Pyroclastic Flows - 9/11’s ‘Smoking Gun’
When I first saw scenes of the towers collapsing, with clouds of smoke billowing through the streets of lower Manhattan, I knew that I had seen it before. But, I couldn't say where. Now, I know.
The US Geological Survey website provides us with a definition of a pyroclastic flow as a ground hugging avalanche of hot gas and debris. The rising gas chimney is clearly visible in this photo of the North Tower implosion, with pyroclastic flows between buildings.
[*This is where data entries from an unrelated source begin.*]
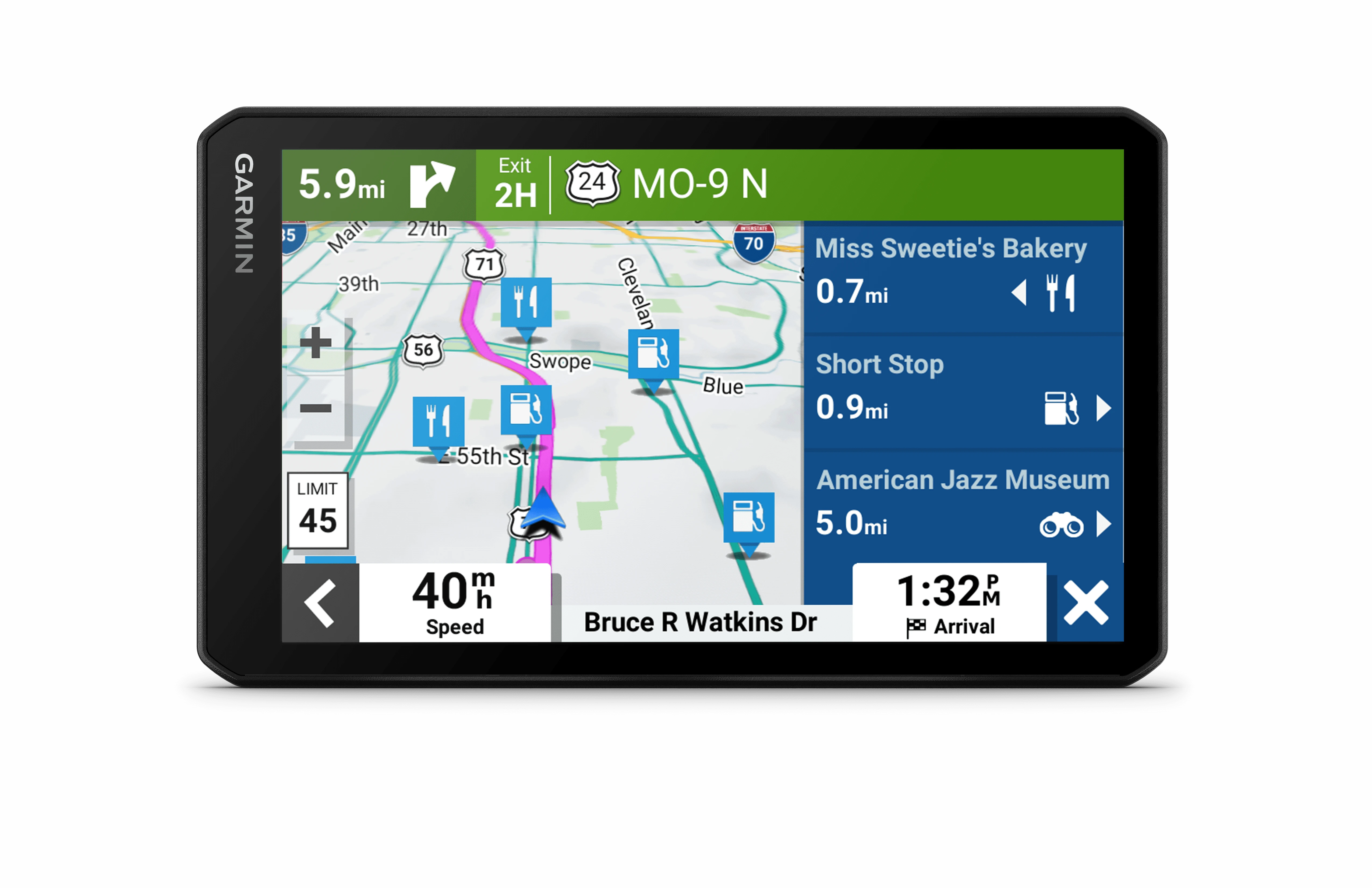 • Designed to add vehicle-friendly GPS navigation with added bonus of built-in dash cam on flip side (some jurisdictions regulate or prohibit use of camera function; user should know and comply with applicable laws and rights to privacy in jurisdictions);• Bluetooth(R) connectivity for hands-free calling; pairs with free Garmin Drive(TM) app on compatible smartphone to see text messages and other notifications displayed on navigator's screen;• Large, color TFT capacitive touch screen shows route and detailed maps; 1024 x 600 resolution;• 1080p Full HD dash cam with 140deg field of view continually records on preinstalled memory card; automatically saves videos of incidents; saved video clips automatically upload to secure online Vault to easily view and share via Garmin Drive(TM) app;• Preloaded with North American maps including U.S., Mexico, Canada, Puerto Rico, U.S. Virgin Islands, Cayman Islands, and Bahamas;• Preloaded Tripadvisor(R) traveler ratings, U.S. national parks directory, and millions of latest and popular points of interest from Foursquare(R);• Easy-to-understand, spoken turn-by-turn directions using street names, store names, and recognizable landmarks;• Forward collision and lane departure warnings encourage safer driving; alerts sharp curves, speed changes, etc. help increase driver awareness; certain conditions may impair warning function ;• Up Ahead shows upcoming stops for food, fuel, and other milestones along designated route;• Ability to stay informed with live traffic, weather, fuel prices, and smart notifications when navigator is paired with Garmin Drive(TM) app;• Built-in Wi-Fi(R) keeps maps and software up to date without using computer; on-screen cues show when new updates are available;• Compatible with BC(TM) 50 wireless backup camera (sold separately);• Includes vehicle suction cup mount, preinstalled 16 GB microSD(TM) Card, vehicle power cable, and documentation;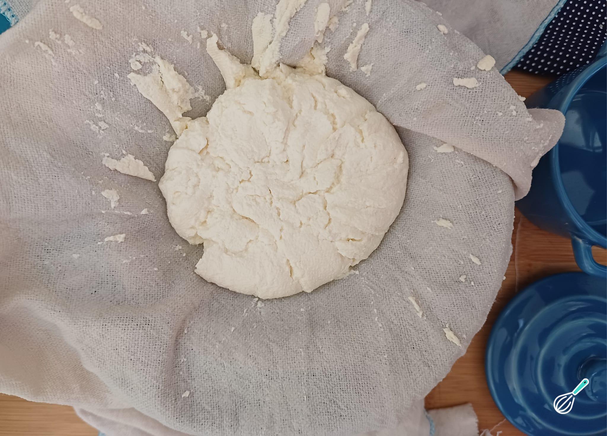 Torça o pano para extrair o soro, mas não totalmente pois o queijo poderá ficar ressecado.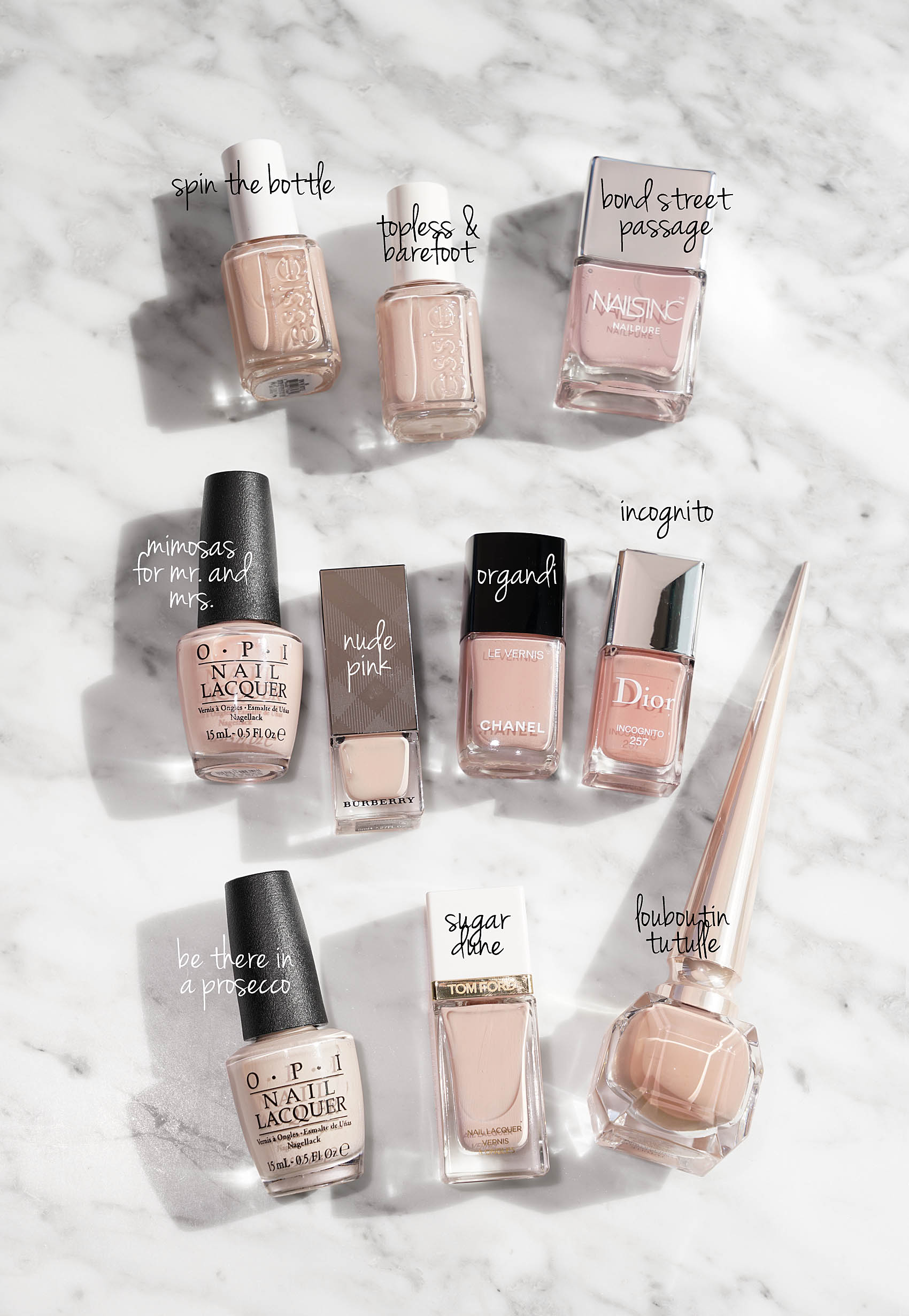 My top three favorites of the moment: Tom Ford Sugar Dune, Louboutin Tutulle and Chanel Organdi.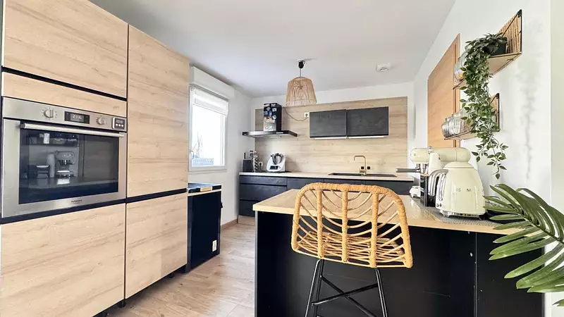 Au RDC, d'une entrée, d'une cuisine équipée et aménagée ouverte sur la pièce à vivre et donnant accès à la terrasse et au jardin, d'un WC séparé et d'un garage.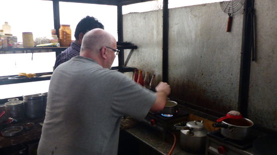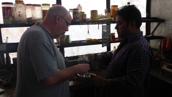 Das war ein Highlight unserer Tour, Raju hat die Mahlzeiten von gestern mit unserer Hilfe nochmal gemacht. Die Arbeitsteilung war einfach: Ich helfe Raju, Marianne schreibt die Zubereitung mit und Paul fotografiert. Essen dürfen wir alle zusammen.Und es war wieder genau so lecker wie am Tag vorher.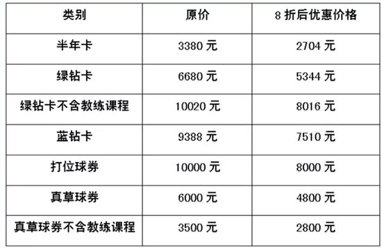 2016年6月1日至2016年6月30日凡购买本练习场会员卡或球券的新、老客户都可享受8折的优惠,打折后不开发票。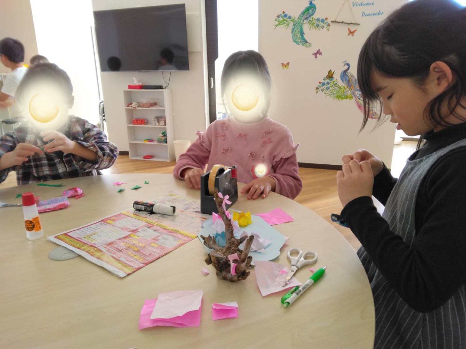 以前に拾っておいた木を使って、キレイな桜の木もできました!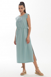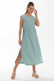 Платье женское прямого силуэта выполнено из льняной ткани с добавлением вискозы. Горловина круглая с застежкой на спинке на пуговицу. Рукав фантазийной формы. На центральной детали переда расположена вышивка в народном стиле. На талии настрочены короткие кулиски по центру спинки и переда, в которые продет декоративный шнур. В боковых швах по низу имеются разрезы по обеим сторонам. Длина изделие/рукав: 122/3,5
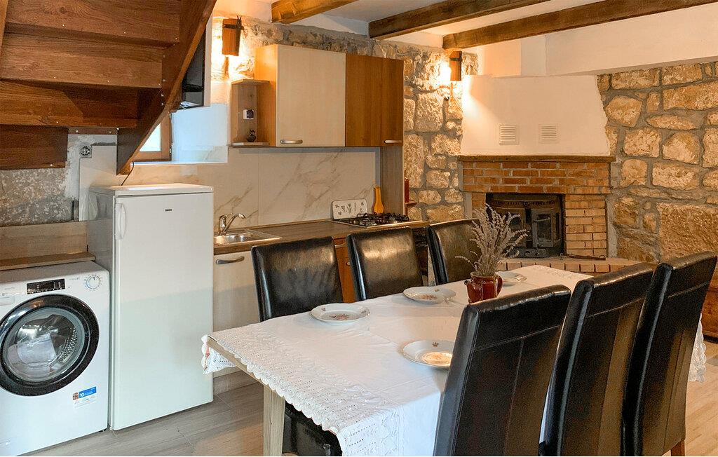 Skjult i det idylliske landskab i det nordlige Dalmatien venter dette traditionelle stenhus på jer med sine rustikke, men stilfulde møbler. Høje træbjælkelofter, åbne pejse og varme farver skaber en hyggelig atmosfære. Det åbne køkken og den indbydende opholdsstue giver de optimale rammer for afslappende aftener.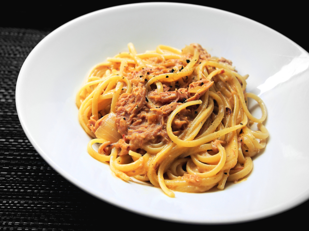 Kaada kypsä pasta joukkoon ja anna vetäytyä hetken. Sirottele tarjotessa pinnalle ripaus mustapippuria.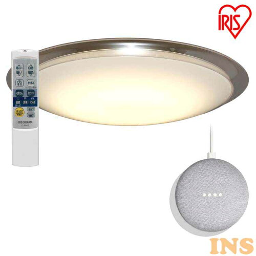 スマートスピーカー 照明 シーリングライト 12畳 google home mini GA00210-JP チョーク+LEDシーリングライト送料無料 調光 調色 LED スピーカー LED照明 天井照明 シーリング おしゃれ 明るい リモコン付 子供部屋 寝室 リビング Amazon Echo アイリスオーヤマ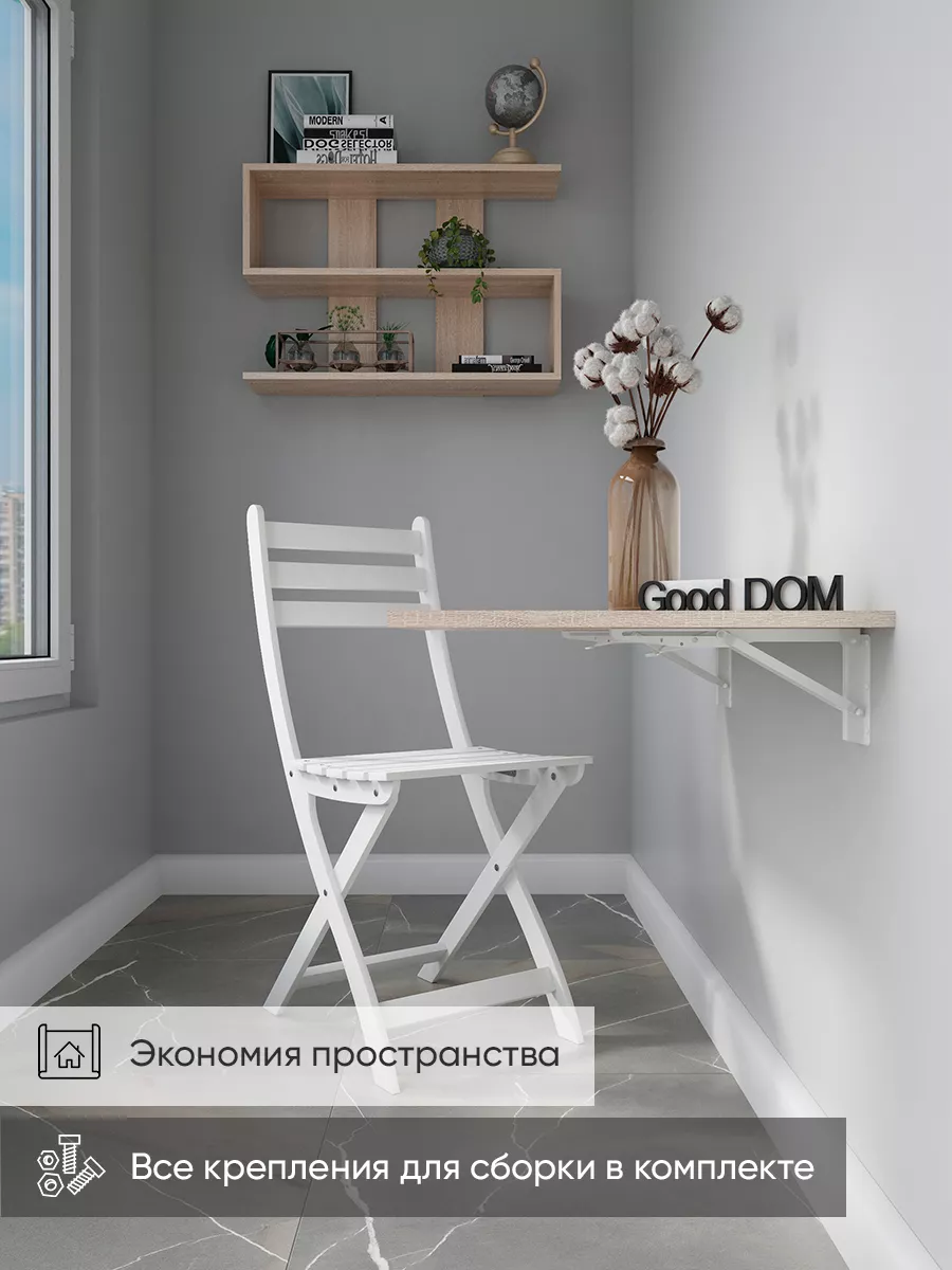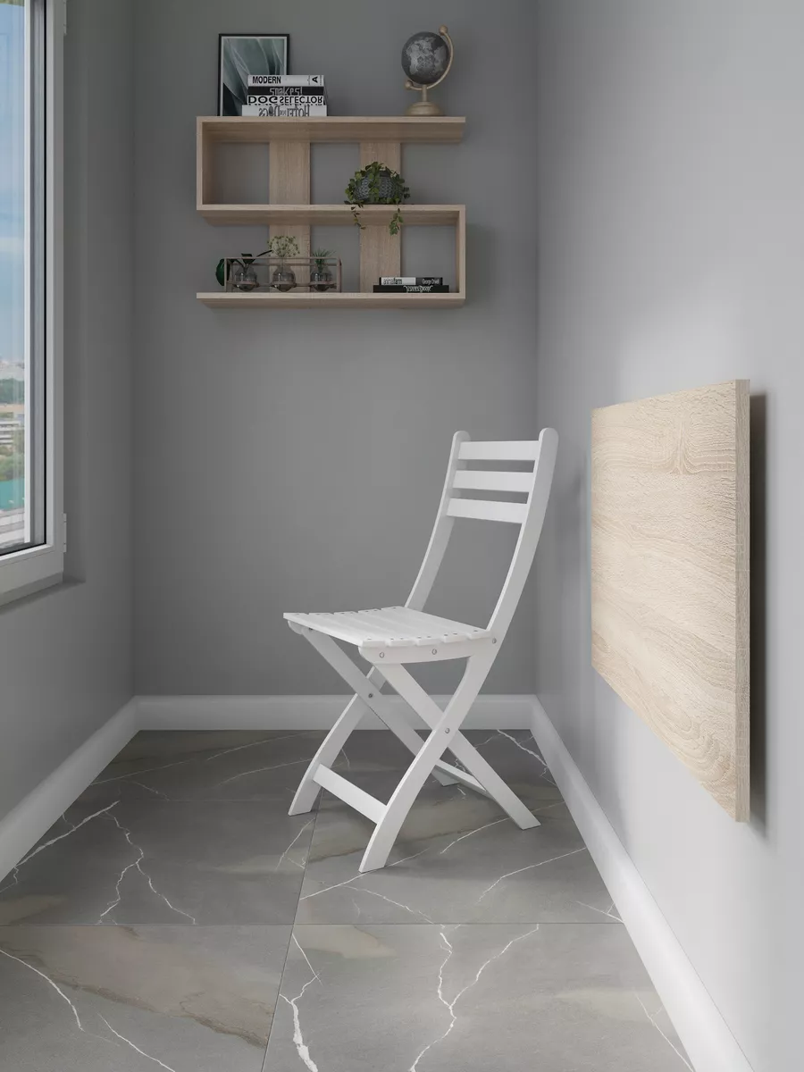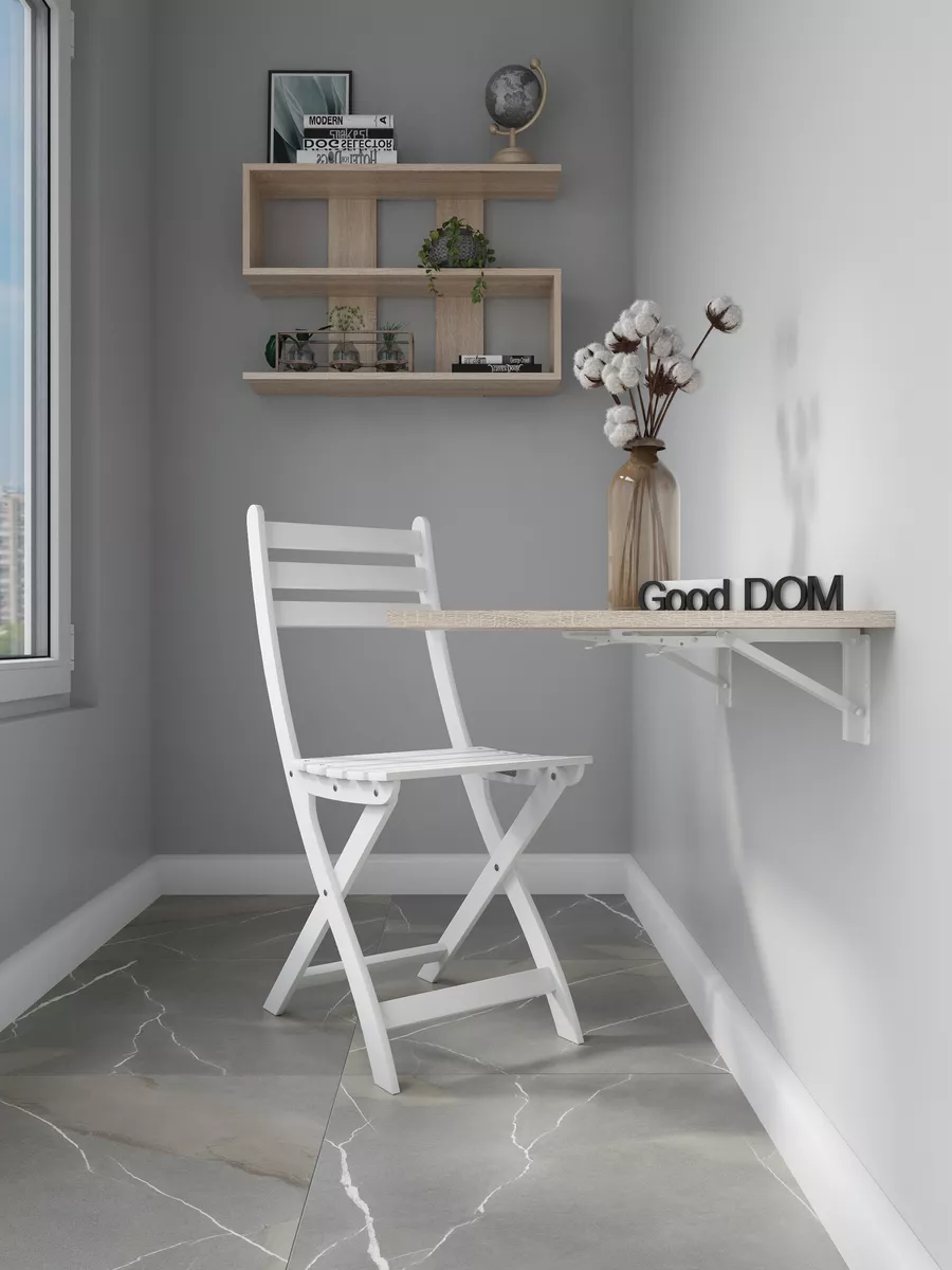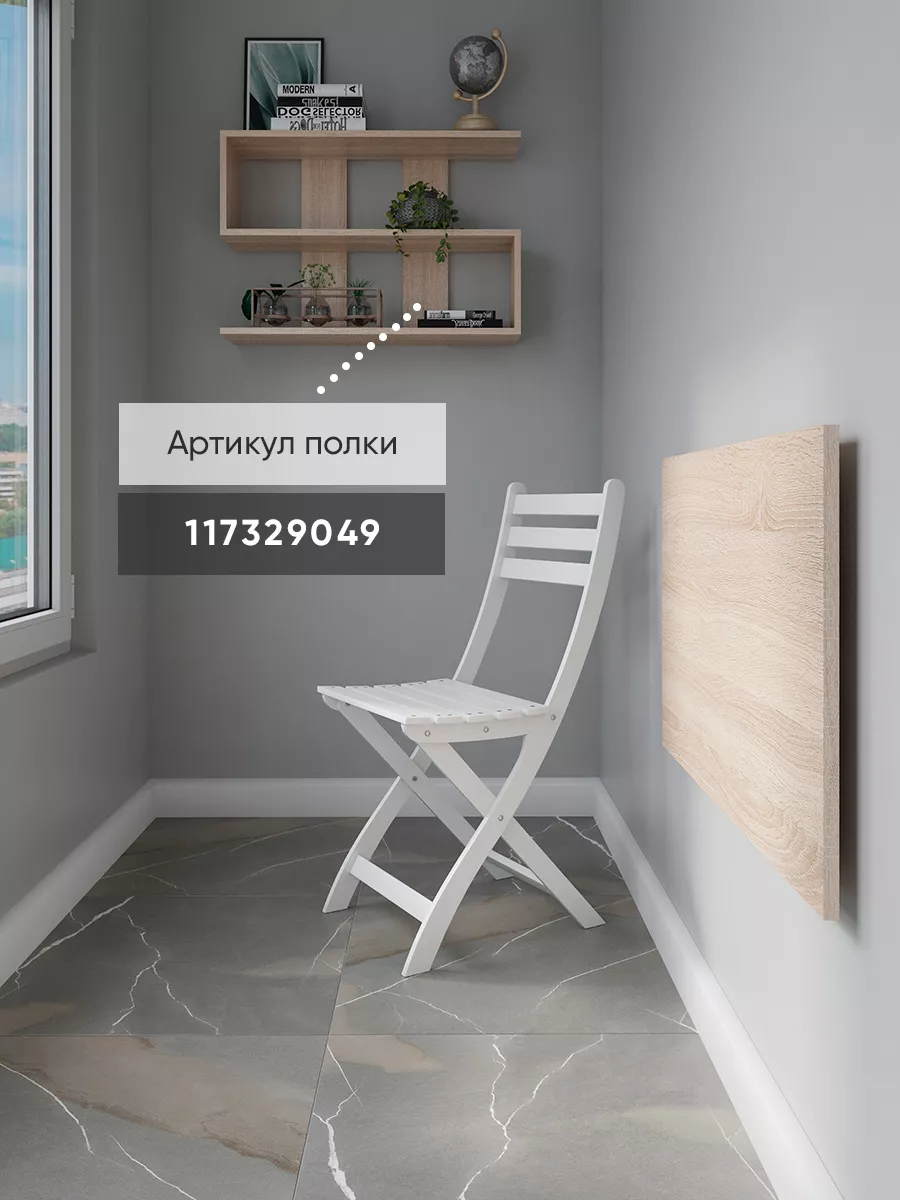 Откидной настенный стол “Сатурн” со своей конструкцией и креплениями к стене отлично подойдет в качестве мебели на кухню, балкон, лоджию, в загородный дом (для дачи), в любую комнату. Отменное качество мебели может служить Вам долгое время в качестве обеденного, письменного, журнального, компьютерного стола, стола для планшета. Стол откидной можно установить абсолютно в любое помещение, где Вам необходима рабочее место стола. Требуется лишь вертикальная поверхность, к которой раскладной столик крепится надежными креплениями из стали. Конструкция стола мини книжки позволяет выдерживать распределенную нагрузку до 50 кг. Поэтому стол трансформер настенный предполагает очень широкое применение. На кухне и даче у вас появится компактное место для завтрака, для чашки кофе, для обеда. В комнате благодаря откидному столику появится рабочее место для занятий школьнику, взрослому, для занятий на ноутбуке, планшете. Механизм для откидного стола обеспечивает легкий поворот и надежную фиксацию. Качественная, удобная и компактная конструкция позволит легко собрать стол и вот он уже не мешает и не занимает место. В небольших помещениях, таких как балкон и лоджия, можно организовать уютное место для отдыха, за столиком приятно попить чай или кофе, полистать журналы и почитать книги, газеты. В сложенном виде стол выглядит как столешница, прижатая к стене, а в разложенном - удобная, прочная и многофункциональная поверхность. Стол на стену изготовлен из ЛДСП - материала крепкого, надежного и долговечного. Товар сертифицирован, соответствует ГОСТам, действует гарантия от производителя. В сложенном виде от стены до столешницы 3 см. + столешница 1,6 см.

The cauliflower shape of the debris cloud is a telltale sign of pyroclastic flows generated by massive explosions, typical of volcanic eruptions and controlled demolitions.
A pyroclastic surge can even flow over water as hot gases carry dust created by explosive energy. Here, the South Tower implosion creates a pyroclastic surge, moving out over the Hudson river.
Once again, our definition of a pyroclastic flow: hot gases carrying dust and debris flow along the ground with a fluid motion. It requires explosive energy to generate the necessary heat, dust, and debris. Turbulence and fluidization of debris are characteristic.
Seeing this footage of pyroclastic flows from volcanic eruptions juxtaposed alongside those that erupted from the collapsing towers will make your jaw drop - it did mine. This is - literally - 9/11's smoking gun.